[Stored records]
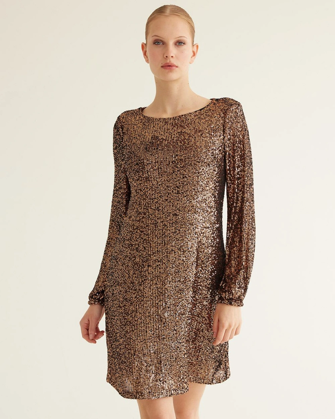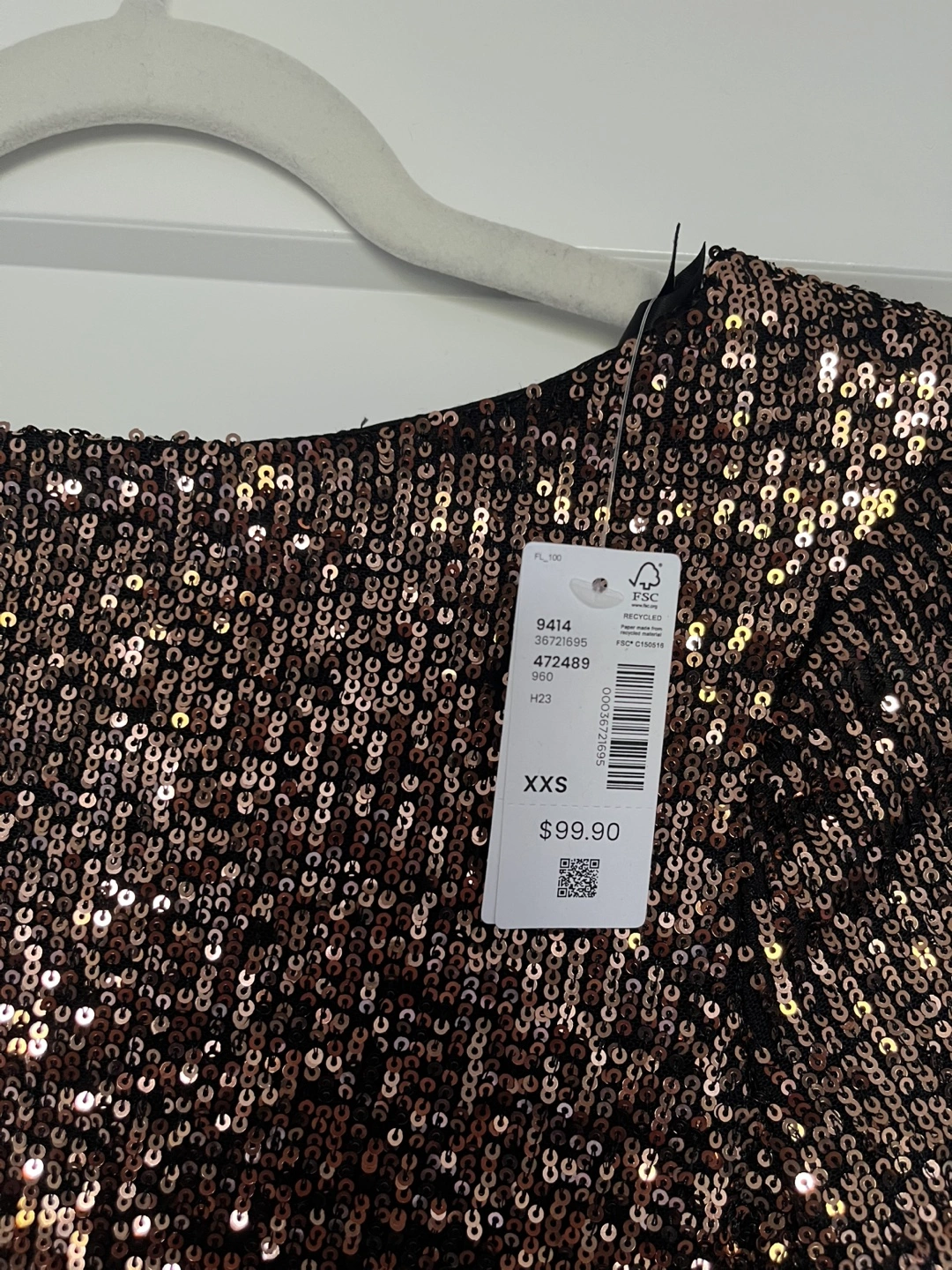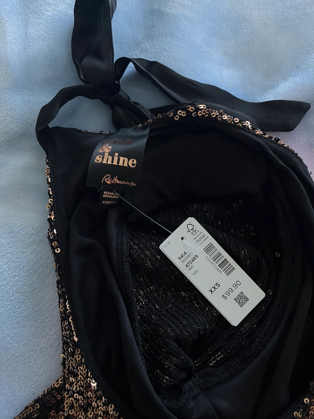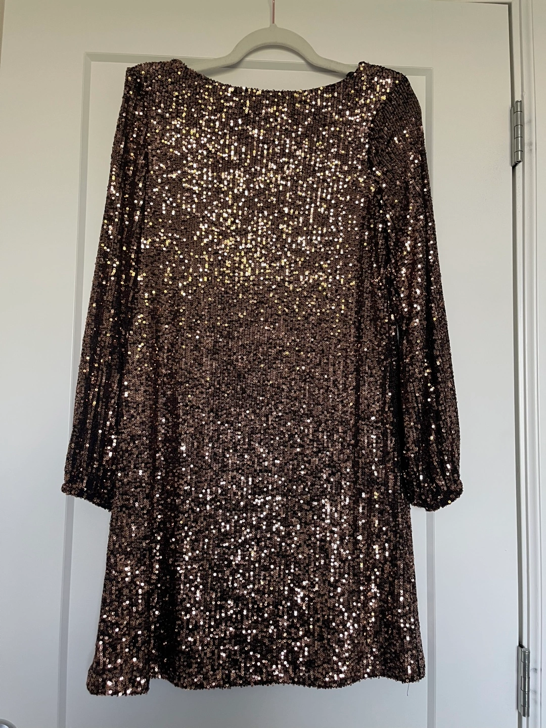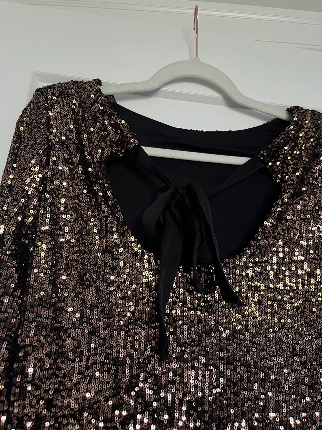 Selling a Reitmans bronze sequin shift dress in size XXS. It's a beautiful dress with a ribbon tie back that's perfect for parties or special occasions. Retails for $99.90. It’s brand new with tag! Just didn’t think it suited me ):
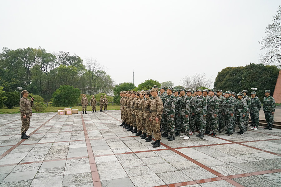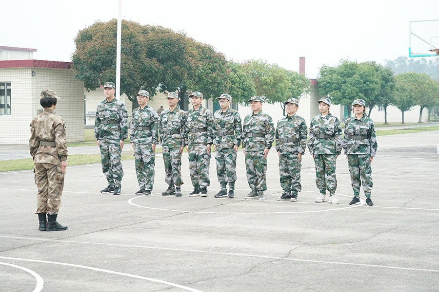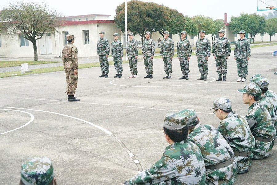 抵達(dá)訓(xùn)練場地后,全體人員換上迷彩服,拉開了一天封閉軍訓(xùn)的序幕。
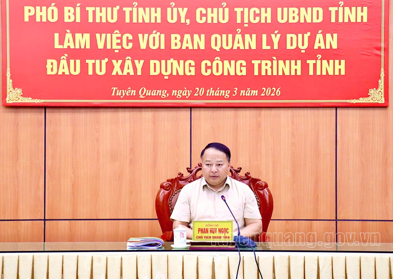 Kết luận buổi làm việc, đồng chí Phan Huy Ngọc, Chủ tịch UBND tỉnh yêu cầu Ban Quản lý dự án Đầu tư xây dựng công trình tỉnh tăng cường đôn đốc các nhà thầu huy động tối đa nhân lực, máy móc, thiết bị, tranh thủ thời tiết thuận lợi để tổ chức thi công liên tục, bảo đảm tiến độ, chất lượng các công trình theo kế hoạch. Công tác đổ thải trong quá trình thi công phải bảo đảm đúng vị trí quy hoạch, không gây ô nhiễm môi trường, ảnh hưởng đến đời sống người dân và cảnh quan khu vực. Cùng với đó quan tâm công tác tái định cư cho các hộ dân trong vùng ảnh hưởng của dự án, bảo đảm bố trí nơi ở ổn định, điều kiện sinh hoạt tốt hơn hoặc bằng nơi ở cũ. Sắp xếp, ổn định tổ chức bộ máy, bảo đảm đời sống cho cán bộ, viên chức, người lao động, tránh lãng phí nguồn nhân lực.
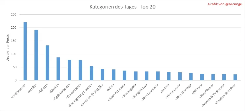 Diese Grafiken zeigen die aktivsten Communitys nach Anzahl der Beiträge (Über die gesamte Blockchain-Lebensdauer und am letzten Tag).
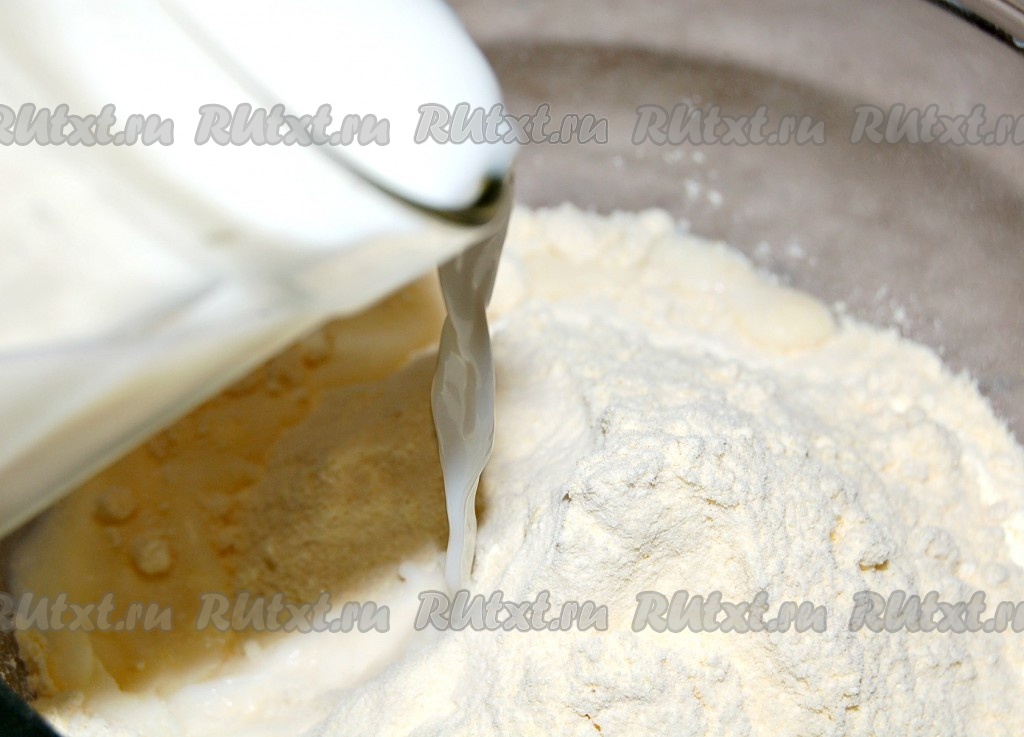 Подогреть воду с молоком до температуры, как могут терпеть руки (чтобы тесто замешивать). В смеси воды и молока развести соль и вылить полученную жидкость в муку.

ACTIVITY ->
Restate word for word every line from the top of the entries above to the line with "抵達(dá)訓(xùn)練場", inclusive, and skip any pictures.

YOUR RESPONSE ->
 Selling a Reitmans bronze sequin shift dress in size XXS. It's a beautiful dress with a ribbon tie back that's perfect for parties or special occasions. Retails for $99.90. It’s brand new with tag! Just didn’t think it suited me ):
 抵達(dá)訓(xùn)練場地后,全體人員換上迷彩服,拉開了一天封閉軍訓(xùn)的序幕。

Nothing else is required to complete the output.